Reproducibility, Replicability, and Data Science
As cornerstones of scientific processes, reproducibility and replicability ensure results can be verified and trusted. These two concepts are also crucial in data science, and as a data scientist, you must follow the same rigor and standards in your projects.
By Sydney Firmin, Alteryx.
Reproducibility and replicability are cornerstones of scientific inquiry. Although there is some debate on terminology and definitions, if something is reproducible, it means that the same result can be recreated by following a specific set of steps with a consistent dataset. If something is replicable, it means that the same conclusions or outcomes can be found using slightly different data or processes. Without reproducibility, process and findings can’t be verified. Without replicability, it is difficult to trust the findings of a single study.
The Scientific Method was designed and implemented to encourage reproducibility and replicability by standardizing the process of scientific inquiry. By following a shared process of how to ask and explore questions – we can ensure consistency and rigor in how we come to conclusions. It also makes it easier for other researchers to converge on our results. The data science lifecycle is no different.
Despite this and other processes in place to encourage robust scientific research, over the past few decades, the entire field of scientific research has been facing a replication crisis. Research papers published in many high-profile journals, such as Nature and Science, have been failing to replicate in follow-up studies. Although the narrative crisis has been seen as a little alarmist and counterproductive by some researchers, you might label it a problem within the research that people are publishing false positives and findings that can’t be verified.
The growing awareness of irreproducible research can be, in part, attributed to technology – we are more connected, and scientific findings are more circulated than ever before. Technology also allows us to identify and leverage strategies to make scientific research more reproducible than ever before.
The Difference: https://xkcd.com/242/
Data science, at the crossroads of statistics and computer science, is positioned to encourage reproducibility and replicability, both in academic research and in industry.
Why Reproducibility Matters
As a researcher or data scientist, there are a lot of things that you do not have control over. You might not be able to collect your data in the most ideal way or ensure you are even capturing what you’re trying to measure with your data. You can’t really guarantee that your research or project will replicate. The only thing you can guarantee is that your work is reproducible.
Additionally, encouraging and standardizing a paradigm of reproducibility in your work promotes efficiency and accuracy. Often in scientific research and data science projects, we want to build upon preexisting work – work either done by ourselves or by other researchers. Including reproducible methods – or even better, reproducible code – prevents the duplication of efforts, allowing more focus on new, challenging problems. It also makes it easier for other researchers (including yourself in the future) to check your work, making sure your process is correct and bug-free.
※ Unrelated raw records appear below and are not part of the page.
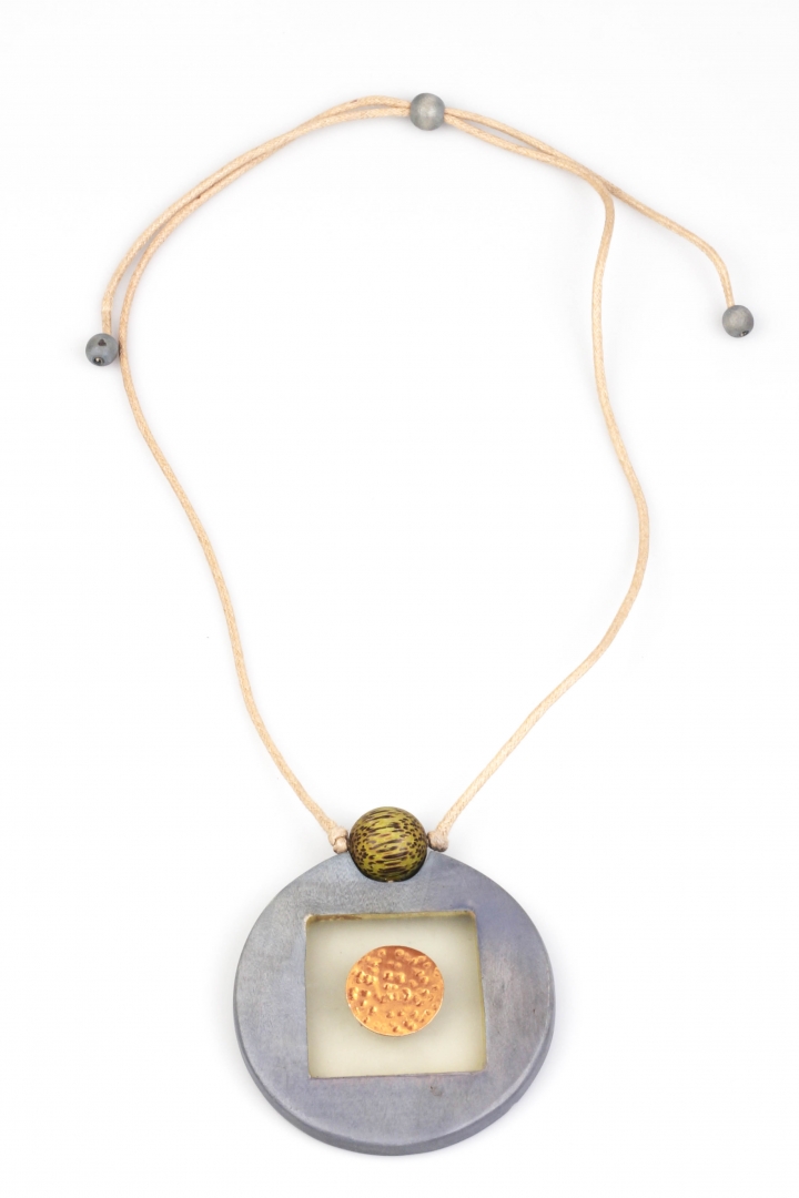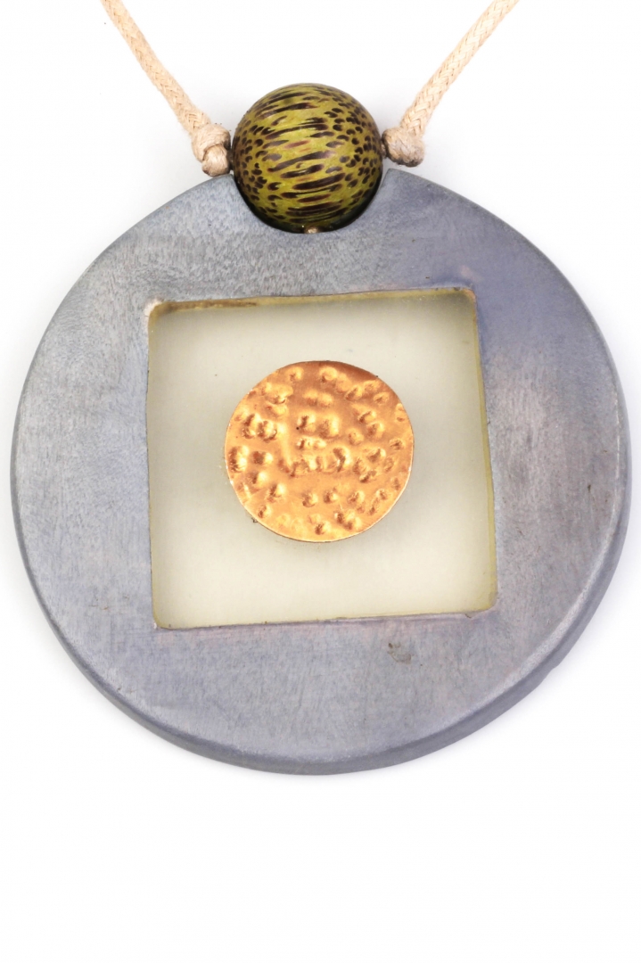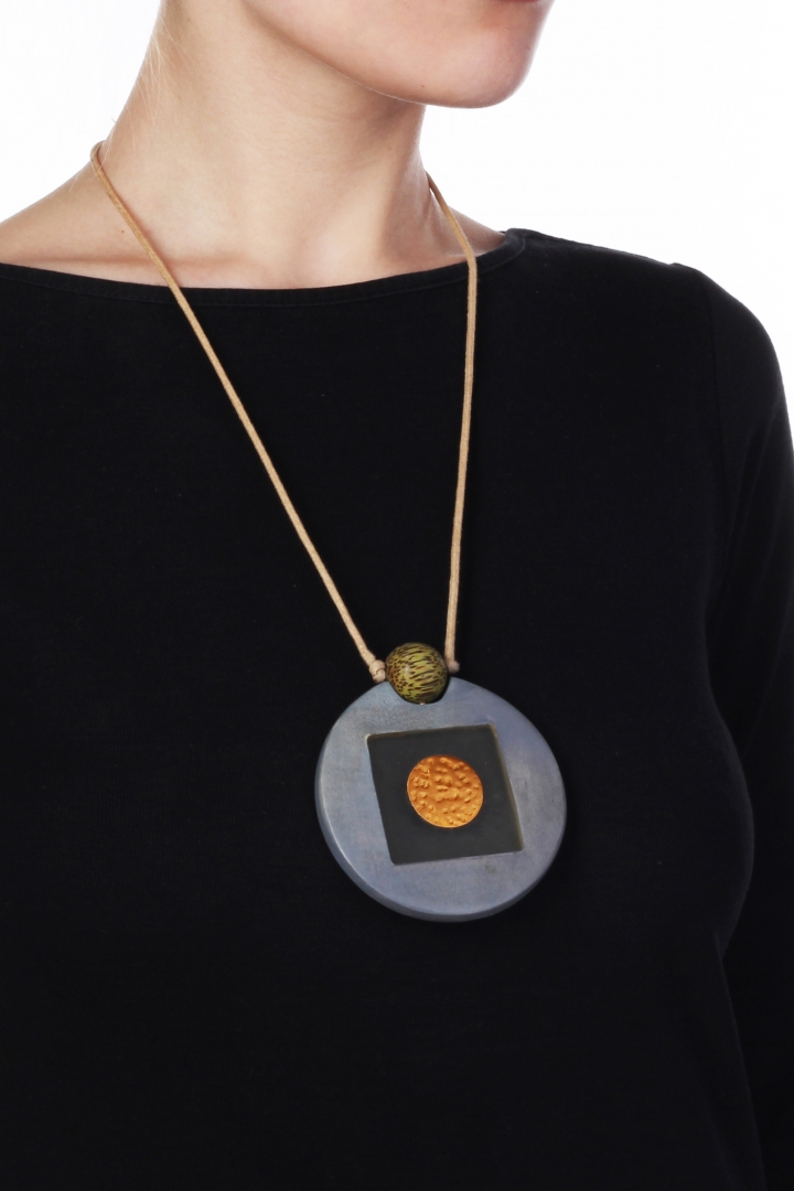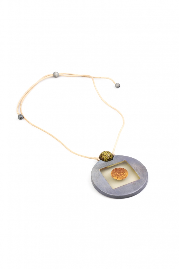 Eye-catching round pendant necklace with see-through details and pop of color.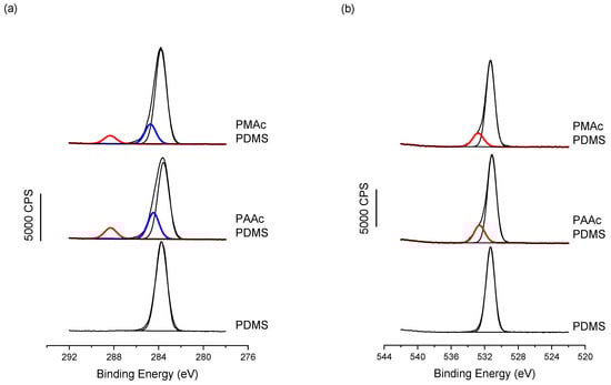 XPS High-Resolution spectra for (a) C1s and (b) O1s, showing for both PAAc and PMAc the appearance of characteristic features linked to the acrylic moieties, compared to the bare PDMS.
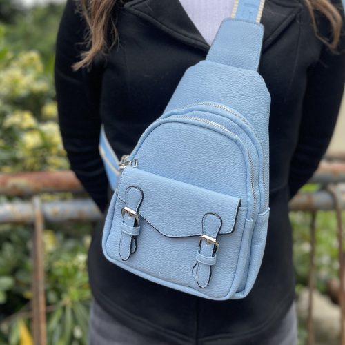 Borsa mono spalla da donna in ecopelle colorata con chiusure zip e fibbie, tracolla colorata. Misure 34x18x8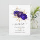 Royal blue and purple floral wedding save the date card with accents of gold customisable to your event specifics.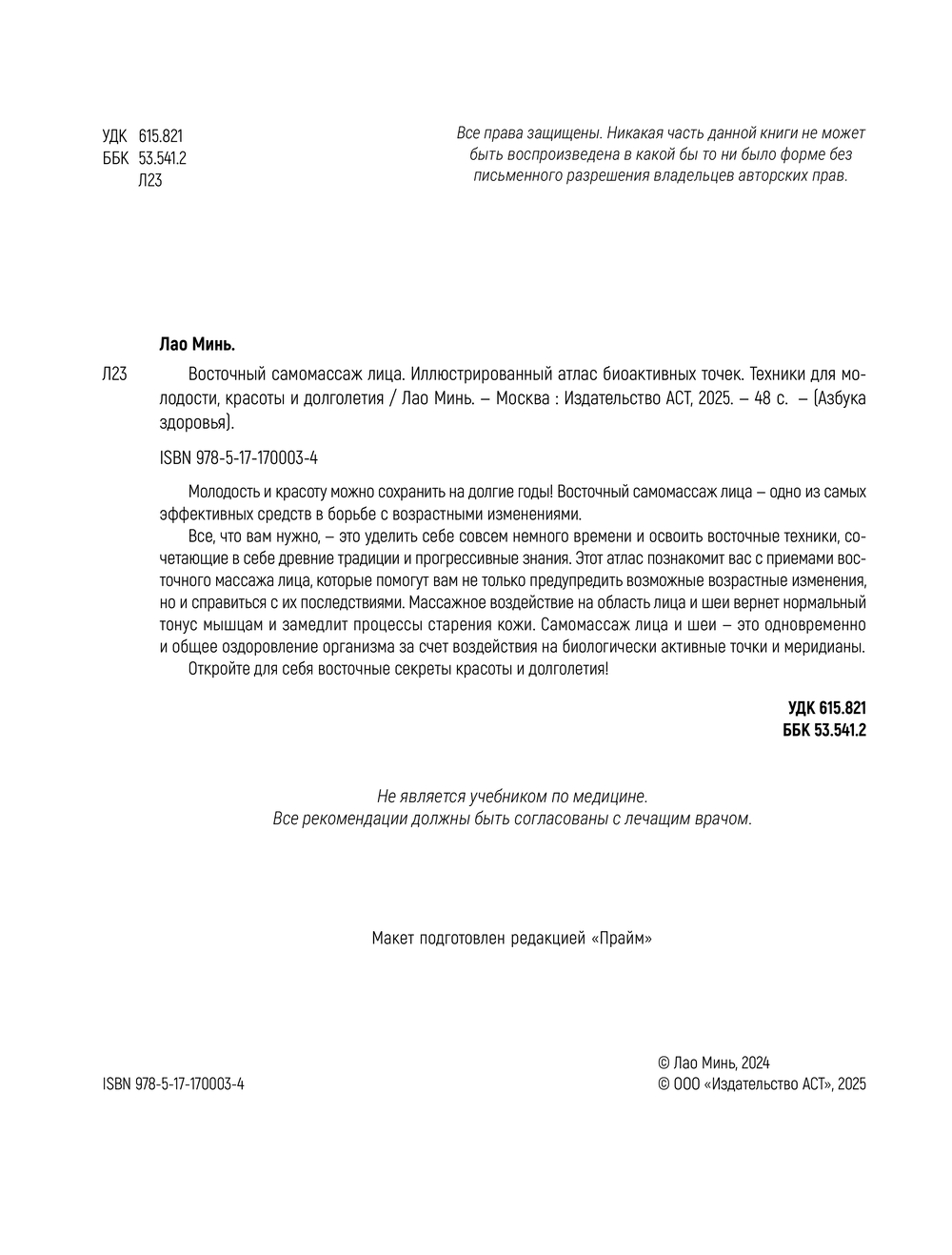 Этот атлас – подробное иллюстрированное руководство по восточному массажу лица. В нем приведены эффективные техники, которые помогут вам не только предупредить возможные возрастные изменения, но и справиться с их последствиями. Посредством регулярного самомассажа вы научитесь грамотно воздействовать на биологически активные точки и меридианы, тем самым сохраняя молодость и свежесть лица на долгие годы.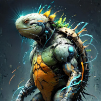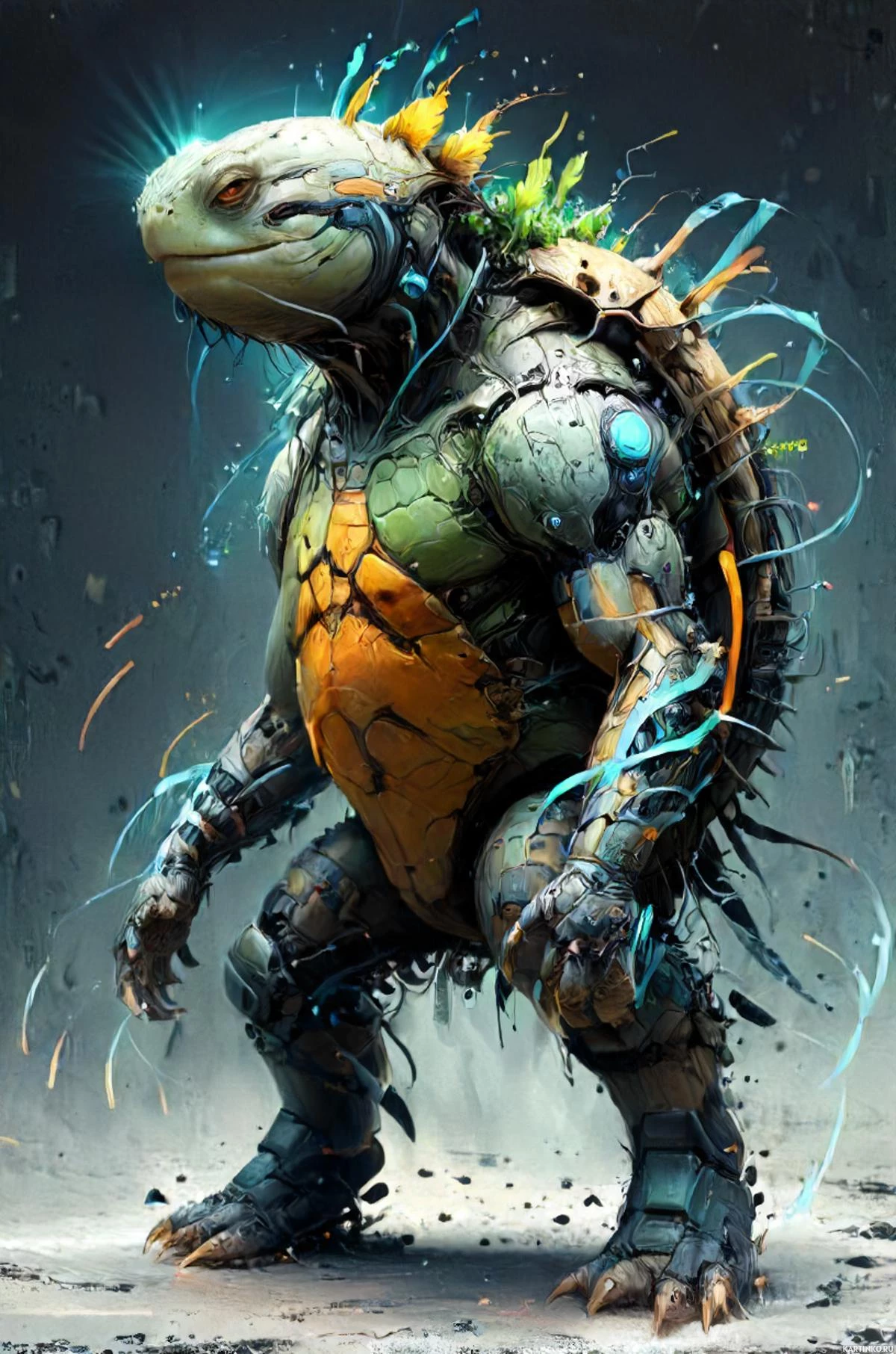 На картинке изображён черепахa в научно-фантастическом стиле, напоминающем гуманоида, стоящего на двух ногах. Черепаха большая, в шлеме и футуристической броне. Его панцирь выглядит грубым и текстурированным, как у обычных черепах, но у него чётко очерченные мышцы на руках и торсе, что говорит о силе. На заднем плане – абстрактный фон с эффектами освещения и всплесками, которые могут намекать на энергию или силу, усиливая общий сказочный характер работы. Стиль картинки сочетает реалистичные пропорции, как у человека, с фантастическими элементами, характерными для научной фантастики.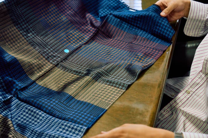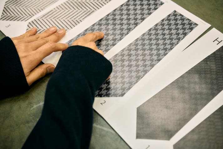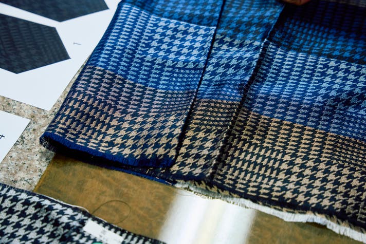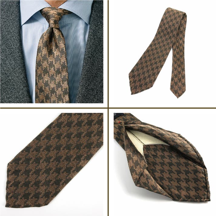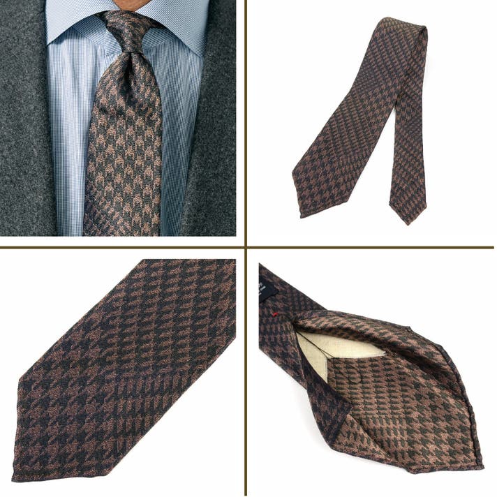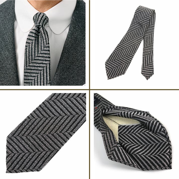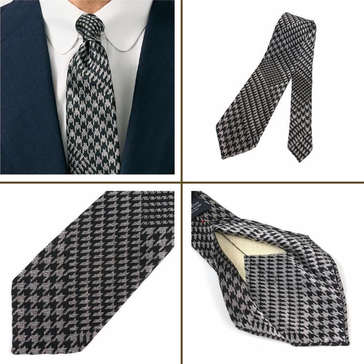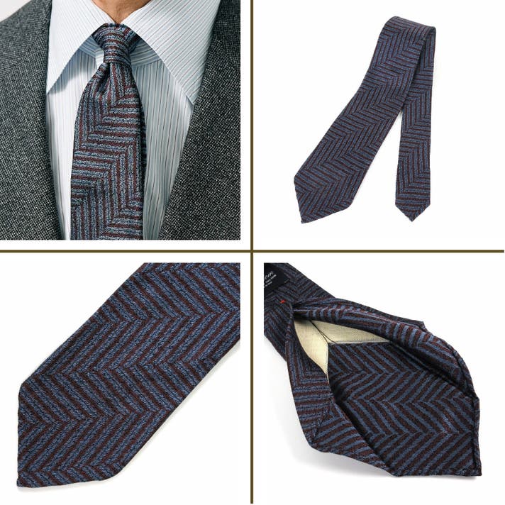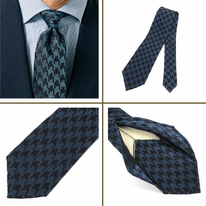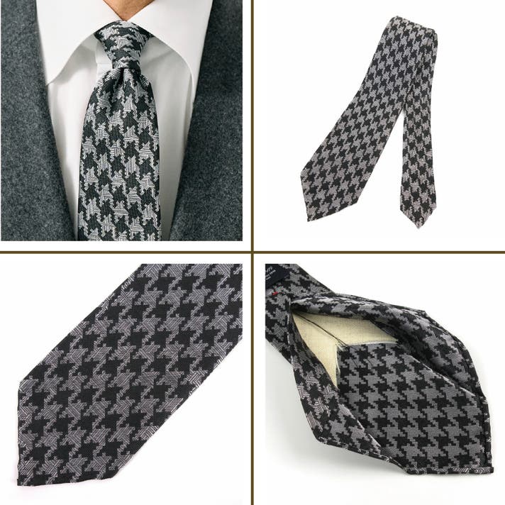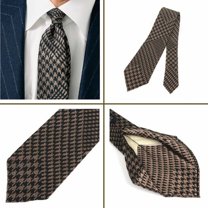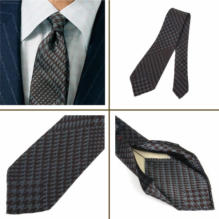 「あまりお洒落すぎる柄だと、着用者を選んでしまう。だからスーツやジャケットで皆さん馴染みの柄を使用することにしたのです。この手の柄をネクタイに採用する場合、柄のパターンを小さくすることが多いものですが、それだとスーツやジャケットの柄と喧嘩してしまうことも。だから今回はひとつひとつの柄をぐっと大きくすることにしました。結果モダンな雰囲気のデザインになりました」(四方さん)

Making Your Projects Reproducible
Reproducibility is a best practice in data science as well as in scientific research, and in a lot of ways, comes down to having a software engineering mentality. It is about setting up all your processes in a way that is repeatable (preferably by a computer) and well documented. Here are some (hopefully helpful) hints on how to make your work reproducible.
The first, and probably the easiest thing you can do is use a repeatable method for everything – no more editing your data in excel ad-hoc and maybe making a note in a notepad file about what you did. Leverage code or software that can be saved, annotated and shared so another person can run your workflow and accomplish the same thing. Even better, if you find you are using the same process repeatedly (more than a few times) or for different projects, convert your code or workflows into functions or macros to be shared and easily re-used.
Documentation of your processes is also critical. Write comments in your code (or your workflows) so that other people (or you six months down the road) can quickly understand what you were trying to do. Code and workflows are usually the best or most elegant when they are simple and can be easily interpreted, but there is never a guarantee that the person looking at your work thinks the same way you do; don’t take the risk here, just spend the extra time to write about what you’re doing.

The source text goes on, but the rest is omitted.